35 210 VIII Wijziging van de begrotingsstaten van het Ministerie van Onderwijs, Cultuur en Wetenschap (VIII) voor het jaar 2019 (wijziging samenhangende met de Voorjaarsnota)

D NADERE MEMORIE VAN ANTWOORD

Ontvangen 28 november 2019

Deze memorie van antwoord is opgesteld mede namens de Minister voor Basis- en Voortgezet Onderwijs.

De regering dankt de leden van de vaste commissies voor Onderwijs, Cultuur en Wetenschap voor hun vervolgvragen bij het voorliggende wetsvoorstel. Bij de reactie op de vervolgvragen in deze memorie van antwoord is de volgorde van het nader voorlopig verslag als uitgangspunt genomen.

In de Memorie van Antwoord schetst de regering in tabel 1 een overzicht van de investeringen en ombuigingen in het hbo en wo en concludeert dat per saldo de investering in het hbo € 127 miljoen euro bedraagt en in het wo € 58 miljoen euro.1 Daarbij rekent de regering ook de uitgaven mee ter compensatie van de halvering van het collegegeld voor eerstejaars HO-studenten (G49). De leden van de fracties van GroenLinks, PvdA en SP vragen zich af waarom de regering deze uitgaven als intensivering kwalificeert? Volgens de leden van deze fracties beogen deze middelen een inkomstendaling van instellingen te compenseren en hebben daarmee dezelfde functie als lpo-gelden. De leden van de fracties stellen dat deze middelen daarmee moeilijk als een investering in beter onderwijs kunnen worden beschouwd en als zodanig gepresenteerd?

De halvering van het collegegeld voor eerstejaars HO-studenten is een maatregel uit het regeerakkoord met als doel de toegankelijkheid van het hoger onderwijs te stimuleren. De extra middelen die het kabinet daarvoor beschikbaar stelt zijn daarmee een investering in het hoger onderwijs. In de praktijk ontvangen instellingen als gevolg van deze maatregel minder inkomsten en worden zij voor deze inkomstendaling gecompenseerd door het Rijk. Als zodanig is het voorstelbaar dat deze middelen voor onderwijsinstellingen niet als extra worden gezien. Het stelsel van hoger onderwijs is echter breder dan de instellingen; in dit geval zijn het de studenten die lagere kosten ervaren door de maatregel. Daarmee is het wel een investering van de regering.

Het Ministerie van OCW is het enige departement dat elk jaar in de beleidsagenda een overzicht van ombuigingen en intensiveringen uit deze kabinetsperiode in de begroting opneemt, zowel per maatregel als per beleidsterrein.

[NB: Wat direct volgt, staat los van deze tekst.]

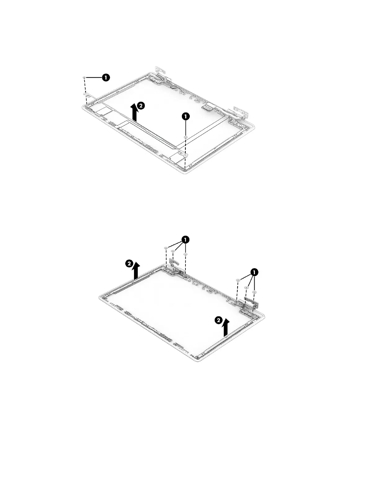 b. Remove the hinges (2) from the display back cover.

In deze tabellen wordt strikt aangesloten bij de begrotingssystematiek; beleidsmatige verhogingen van de beleidsartikelen worden als intensiveringen beschouwd en beleidsmatige verlagingen als ombuiging. Technische mutaties zoals overboekingen en het uitkeren van loon- en prijsbijstelling en autonome mutaties als gevolg van leerling/student en studiefinancieringsraming worden niet meegenomen in deze overzichten. Hetzelfde geldt voor middelen die gereserveerd zijn op de aanvullende post; deze worden pas meegenomen in de tabellen als ze aan de begroting zijn toegevoegd. Dit zijn keuzes die ook anders hadden kunnen worden gemaakt, maar wij zijn van mening dat we op deze manier het meest overzichtelijk en consistent het parlement informeren binnen de begrotingssystematiek. Op verzoek kunnen ook altijd andere overzichten worden opgesteld, zoals gedaan is in beantwoording op verschillende Kamervragen. Het feit dat er geregeld om andere elementen wordt gevraagd leidt ook tot net iets andere overzichten.

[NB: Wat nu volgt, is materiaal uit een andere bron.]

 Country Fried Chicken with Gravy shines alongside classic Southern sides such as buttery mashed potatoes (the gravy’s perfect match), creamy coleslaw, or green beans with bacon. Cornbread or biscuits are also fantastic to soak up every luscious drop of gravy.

De regering schetst in tabel 2 van de Memorie van Antwoord de omvang van de niet uitgekeerde lpo 2018/2019. Deze bedraagt € 18,7 miljoen euro in het hbo en € 25,2 miljoen euro in het wo. Deze middelen worden niet als ombuiging gepresenteerd. De leden van de fracties van GroenLinks en de PvdA geven aan dat dat hen bevreemdt, aangezien hier sprake is van reële uitholling van het beschikbare budget voor hbo en wo. De leden vragen de regering aan te geven waarom zij deze middelen niet als ombuiging ziet?

Zoals aangegeven in de begrotingssystematiek worden beleidsmatige verhogingen van de beleidsartikelen als intensiveringen en beleidsmatige verlagingen als ombuigingen beschouwd. Bij het toevoegen van lpo aan de begroting, en vervolgens aan de onderliggende budgetten, is sprake van een verhoging van uitgaven in de begroting. Deze verhoging is echter niet beleidsrijk, maar technisch van aard. Daarom neemt het Ministerie van OCW de toevoeging van lpo nooit mee in overzichten van intensiveringen en ombuigingen.

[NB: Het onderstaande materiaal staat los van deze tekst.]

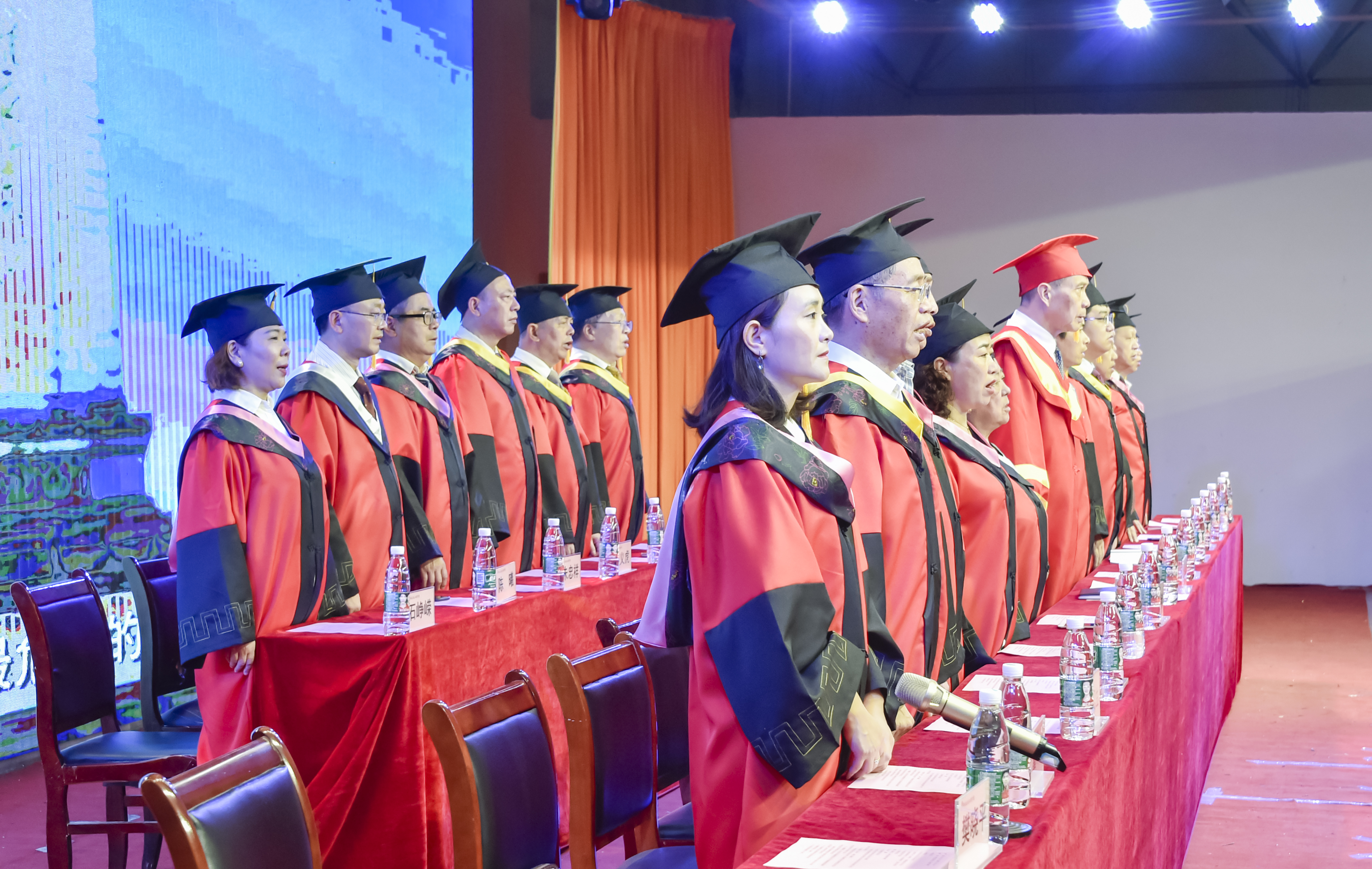 在热烈掌声中,校长陈治亚、党委书记刘文君,副董事长、执行校长刘杰,名誉校长刘平娥、副董事长刘秋菊、常务副校长彭文武、党委副书记李先聪、纪委书记刘毅,副校长刘初生、樊晓平、余孟辉,董事董晔卉、党委委员邓丽,交通运输工程学院院长罗迎社、机电工程学院院长吴义虎、电气与信息工程学院院长杨兵初、经济管理学院院长朱忠祥、护理学院院长陈熙、人文与艺术学院院长石峥嵘等19位领导和主礼教授身着导师服步入主席台就坐。

Het inhouden van een deel van de lpo is budgettair gezien geen verlaging van uitgaven in de begroting en wordt daarom niet meegenomen in overzichten van intensiveringen en ombuigingen. Het inhouden van lpo voor de onderwijssectoren hbo en wo betekent in reële termen wel dat de onderwijssectoren minder te besteden hebben, dan wanneer zij volledig waren gecompenseerd voor loon- en prijsontwikkeling. Om dit ook voor het parlement inzichtelijk te maken zijn in de eerste suppletoire begroting en in reactie op uw eerdere vragen overzichten opgenomen van de uitgekeerde en niet uitgekeerde loon- en prijsbijstelling per artikel. Daarbij kan nog worden opgemerkt dat deze bedragen betrekking hebben op de totale lpo per artikel, niet alleen de bekostiging van de instellingen. Het betreft ook ingehouden lpo op de andere financiële instrumenten zoals subsidies en opdrachten, waar over het algemeen individuele ontvangers geen last van hebben.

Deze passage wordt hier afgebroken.